Task inputs:
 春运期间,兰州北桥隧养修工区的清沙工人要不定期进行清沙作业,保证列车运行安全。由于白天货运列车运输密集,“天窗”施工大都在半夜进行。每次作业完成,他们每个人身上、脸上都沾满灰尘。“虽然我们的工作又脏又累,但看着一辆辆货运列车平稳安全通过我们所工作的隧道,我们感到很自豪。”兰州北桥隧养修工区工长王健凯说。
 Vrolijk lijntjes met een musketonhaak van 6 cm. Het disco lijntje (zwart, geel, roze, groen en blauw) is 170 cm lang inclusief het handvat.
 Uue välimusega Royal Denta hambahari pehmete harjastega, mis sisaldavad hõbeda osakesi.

---

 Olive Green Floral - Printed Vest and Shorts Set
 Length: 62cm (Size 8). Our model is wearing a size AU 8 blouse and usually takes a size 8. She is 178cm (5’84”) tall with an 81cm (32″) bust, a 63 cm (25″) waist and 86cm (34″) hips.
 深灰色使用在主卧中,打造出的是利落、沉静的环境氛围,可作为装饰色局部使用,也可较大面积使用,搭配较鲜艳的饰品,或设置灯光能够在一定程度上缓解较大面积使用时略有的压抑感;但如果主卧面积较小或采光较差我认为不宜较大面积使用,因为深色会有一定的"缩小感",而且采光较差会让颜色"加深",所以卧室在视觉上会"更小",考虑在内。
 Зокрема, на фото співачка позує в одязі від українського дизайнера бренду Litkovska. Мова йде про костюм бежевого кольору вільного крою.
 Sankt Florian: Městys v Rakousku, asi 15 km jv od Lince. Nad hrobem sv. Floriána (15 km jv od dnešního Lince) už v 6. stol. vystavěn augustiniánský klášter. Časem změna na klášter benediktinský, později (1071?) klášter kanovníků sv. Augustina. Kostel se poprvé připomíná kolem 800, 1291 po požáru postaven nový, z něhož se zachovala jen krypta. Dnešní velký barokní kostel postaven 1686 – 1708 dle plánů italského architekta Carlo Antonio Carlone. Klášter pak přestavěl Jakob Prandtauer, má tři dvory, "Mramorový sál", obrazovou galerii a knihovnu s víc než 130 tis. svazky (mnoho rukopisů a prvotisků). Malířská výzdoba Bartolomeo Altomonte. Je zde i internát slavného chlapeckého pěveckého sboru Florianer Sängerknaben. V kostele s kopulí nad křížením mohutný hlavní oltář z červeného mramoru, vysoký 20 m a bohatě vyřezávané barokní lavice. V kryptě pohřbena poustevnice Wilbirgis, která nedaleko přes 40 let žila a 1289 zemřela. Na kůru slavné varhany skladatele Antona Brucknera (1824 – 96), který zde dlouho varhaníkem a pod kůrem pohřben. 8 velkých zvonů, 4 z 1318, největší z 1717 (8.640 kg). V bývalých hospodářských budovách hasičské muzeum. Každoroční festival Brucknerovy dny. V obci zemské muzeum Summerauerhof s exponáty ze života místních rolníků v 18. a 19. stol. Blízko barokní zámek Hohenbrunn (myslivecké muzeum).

==

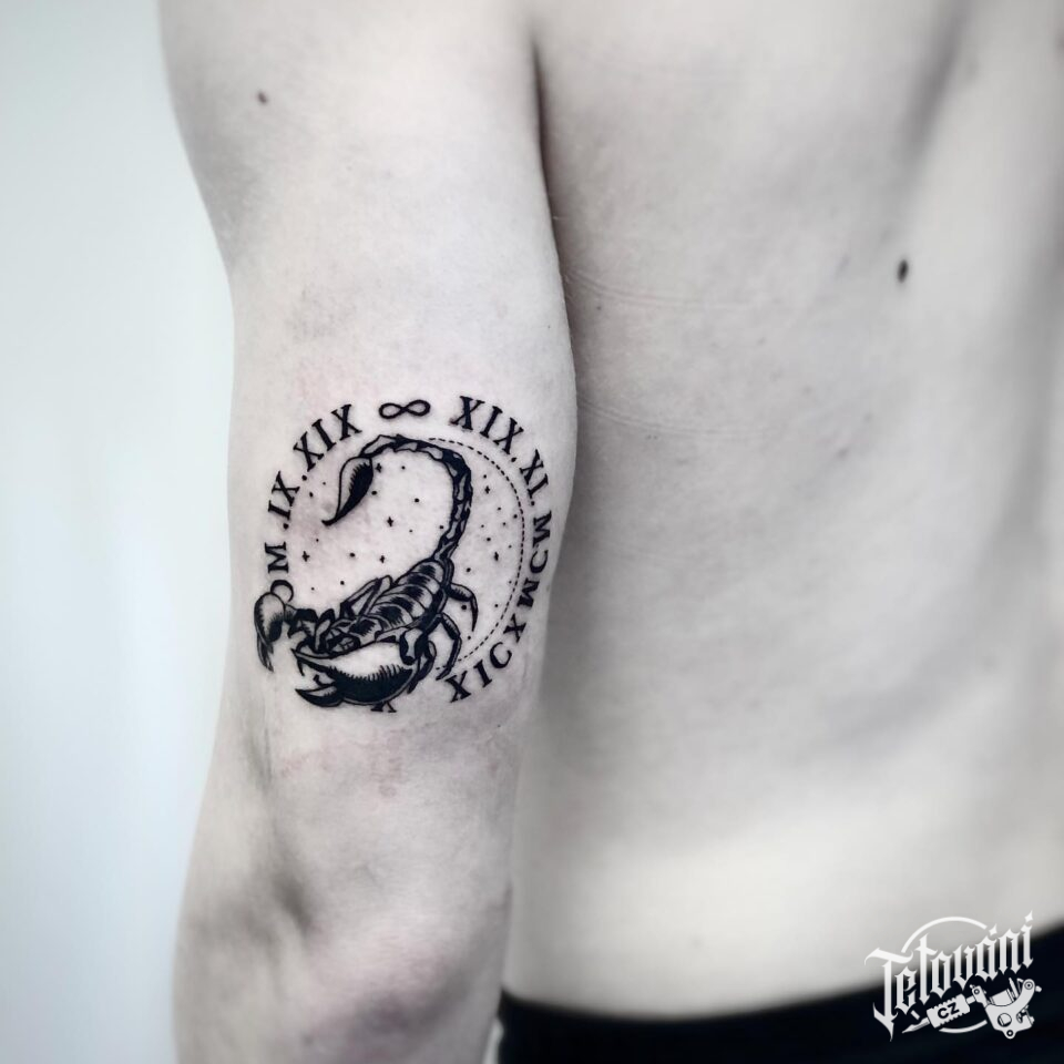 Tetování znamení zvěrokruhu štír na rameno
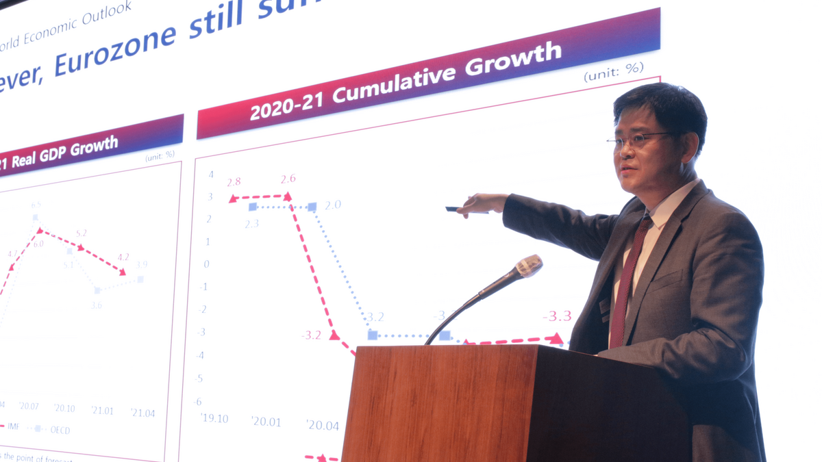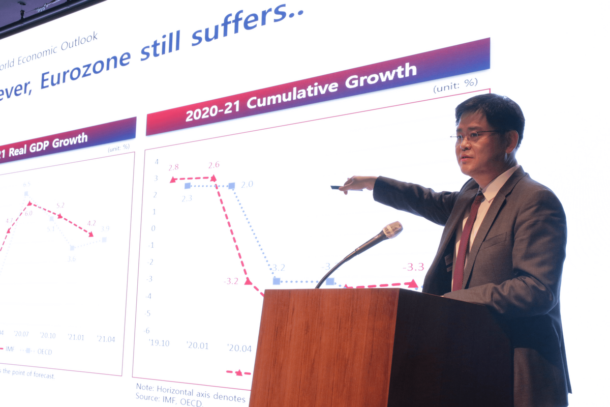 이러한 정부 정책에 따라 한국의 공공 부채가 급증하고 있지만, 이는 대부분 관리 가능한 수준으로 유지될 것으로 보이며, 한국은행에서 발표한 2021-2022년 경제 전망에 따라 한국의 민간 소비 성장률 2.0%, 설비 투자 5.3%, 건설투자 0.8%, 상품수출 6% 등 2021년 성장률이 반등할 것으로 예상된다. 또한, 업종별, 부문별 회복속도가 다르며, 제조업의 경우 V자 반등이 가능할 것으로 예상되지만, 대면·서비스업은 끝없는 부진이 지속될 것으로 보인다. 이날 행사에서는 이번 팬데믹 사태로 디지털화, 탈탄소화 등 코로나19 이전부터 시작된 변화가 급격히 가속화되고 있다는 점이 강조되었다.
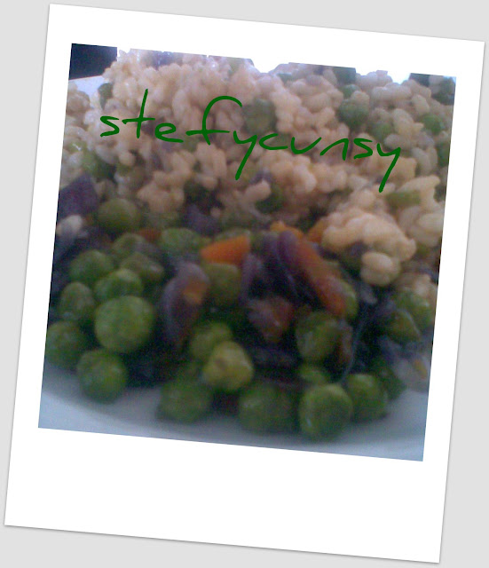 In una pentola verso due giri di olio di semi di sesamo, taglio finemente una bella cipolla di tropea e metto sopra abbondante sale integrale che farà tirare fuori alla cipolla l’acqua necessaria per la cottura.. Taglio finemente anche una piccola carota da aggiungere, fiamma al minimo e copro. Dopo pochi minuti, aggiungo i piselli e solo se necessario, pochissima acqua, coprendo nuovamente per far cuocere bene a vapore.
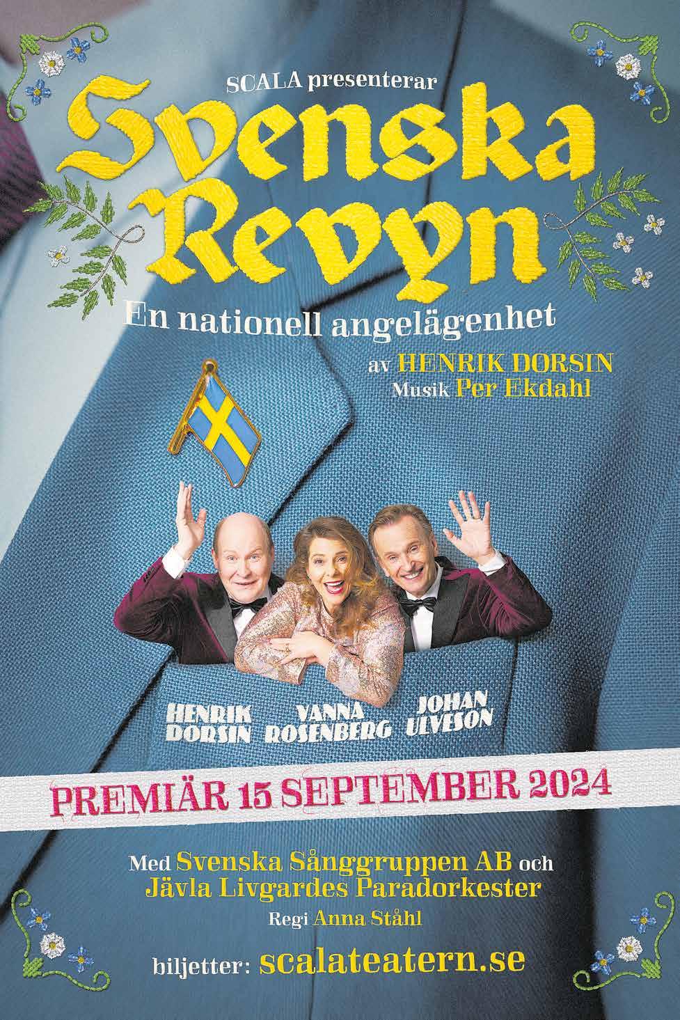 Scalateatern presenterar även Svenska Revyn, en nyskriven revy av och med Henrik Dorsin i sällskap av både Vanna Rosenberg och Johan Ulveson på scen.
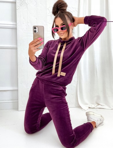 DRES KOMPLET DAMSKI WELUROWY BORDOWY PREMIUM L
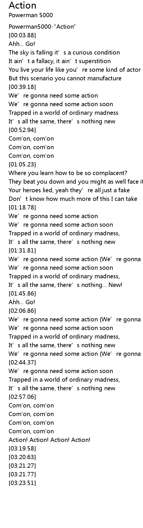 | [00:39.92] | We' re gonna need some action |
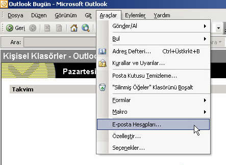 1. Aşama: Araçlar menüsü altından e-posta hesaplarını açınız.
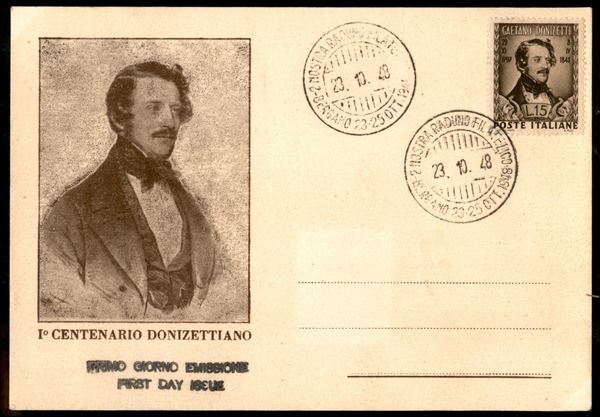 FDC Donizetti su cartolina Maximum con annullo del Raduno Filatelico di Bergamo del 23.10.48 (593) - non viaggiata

What the exercise asks:
Write down again, exactly as given, only the lines above that fall from the line with "春运期间,兰州北桥隧养修工区" to the line with "Vrolijk lijntjes met", inclusive.

Response for this exercise:
 春运期间,兰州北桥隧养修工区的清沙工人要不定期进行清沙作业,保证列车运行安全。由于白天货运列车运输密集,“天窗”施工大都在半夜进行。每次作业完成,他们每个人身上、脸上都沾满灰尘。“虽然我们的工作又脏又累,但看着一辆辆货运列车平稳安全通过我们所工作的隧道,我们感到很自豪。”兰州北桥隧养修工区工长王健凯说。
 Vrolijk lijntjes met een musketonhaak van 6 cm. Het disco lijntje (zwart, geel, roze, groen en blauw) is 170 cm lang inclusief het handvat.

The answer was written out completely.